# Largest Group

> One group towers above the rest.

Canonical URL: <https://datadriven.io/problems/largest_group>

Domain: SQL · Difficulty: easy · Seniority: L5

## Problem

Which department has the most employees? If two departments are tied, include both. Return the department name and employee count.

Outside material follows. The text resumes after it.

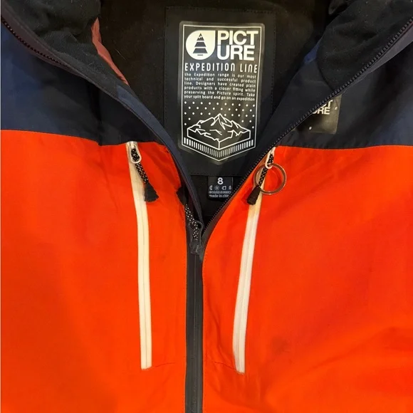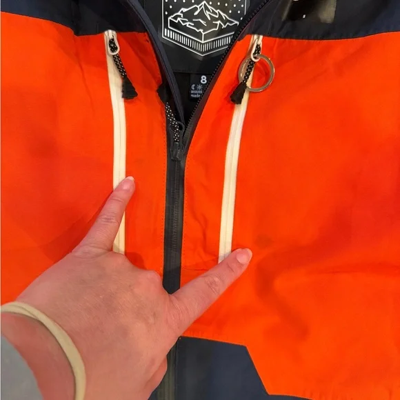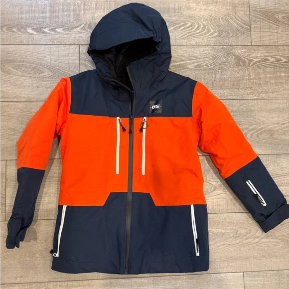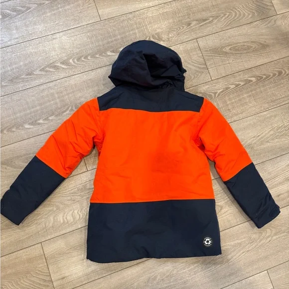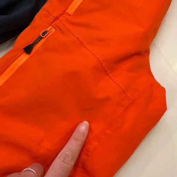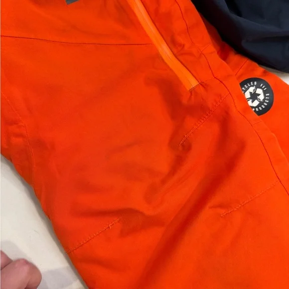 Bright orange and black design. Includes jacket and pants. Perfect for skiing and snowboarding. See photos for small marks.

## Worked solution and explanation

### Why this problem exists in real interviews

Ties are the whole point, and the easiest wrong answer is `ORDER BY COUNT(*) DESC LIMIT 1`, which silently picks one winner when two departments share the maximum. You need a structure that expresses "all rows equal to the max," not "first row after sorting."

---

### Break down the requirements

#### Step 1: Per-group counts

Group `employees` by `department` and take `COUNT(*)`. One row per department with its headcount.

#### Step 2: Find the maximum once

A scalar subquery wraps the same `GROUP BY` and takes `MAX(cnt)`. Computed once, reusable in the outer filter.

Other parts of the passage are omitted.